Tumgik
#Zabo
lovelyteng · 2 months
Text
Booger's Mixel Guide To Secret: Dribbal's True Eyes
[Start camera view at Booger’s Room, Booger wears his one-eyed glasses and lab coat, he stands on camera, Zabo's hand on camera has a small crush on Booger.]
Booger: Hello. I'm Booger, my friend trying to crush my head, it’s Zabo.
Zabo: (offscreen, waves to camera) I'm helping!
Booger: Tonight, Booger's Mixel Guide To Secret.
[Zabo starts one more crush on him, he gets his hand off the screen of the camera by Booger.]
Booger: Okay, that-that’s enough. (Blip walks and pops the title card, he wears goggles.) Tonight, we investigate Anomaly #49: Dribbal's True Eyes.
[Scrud points at theory board, he wears a lab coat, gloves, and one-eyed reading glasses. Camera zooms in to various pictures of Dribbal and notes of theory about Dribbal's eyes.]
Booger: What is he hiding his eyes from his glasses? A painful past? Secret appears? Or something not right in his eyes…?
[Zoom out the camera to Booger and the theory board.]

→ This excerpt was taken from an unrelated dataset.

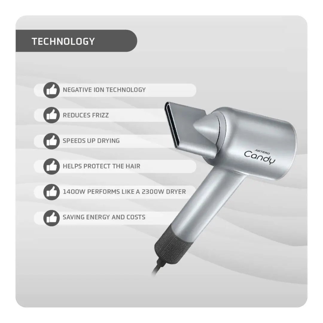 En let, støjsvag og effektiv hårtørrer, der giver et professionelt resultat hver gang. Artero Candy er et sikkert valg til både salon og hjemmebrug.
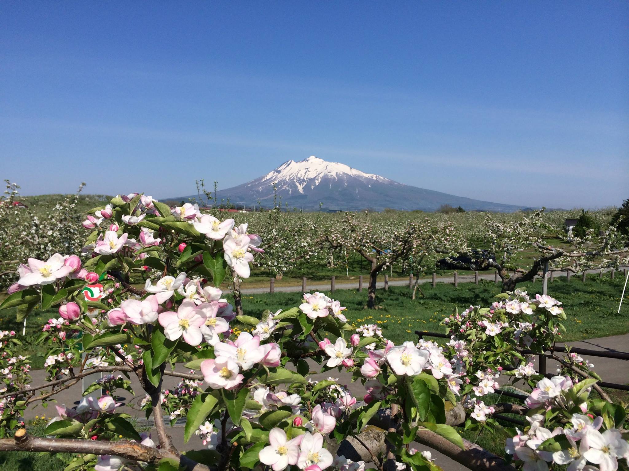 弘前市りんご公園では、明日から、残雪の岩木山を背景にりんごの花や様々なイベントが楽しめる「弘前りんご花まつり」が開催されます。

Booger: Dribbal claims his true eyes don't exist, but tonight we're gonna find out.
Zabo: (offscreen) Right after another exciting episode of… (Camera pans down to his bandage on his knee.) “What’s Under Zabo’s Bandage?” Do-do! (He takes off his bandage.)
Scrud: (offscreen, disgusting) Ew! Zabo!
[Static, cut to outside at night, Booger and Berp as he holds a box of light supplies.]
Booger: Okay, here's the plan. Dribbal is sometimes alone every night. (Walks close to the camera.) Obviously to hide his secrets from everybody else. (Go back to place.) But me and Berp are about "turn on the light up" on this mystery.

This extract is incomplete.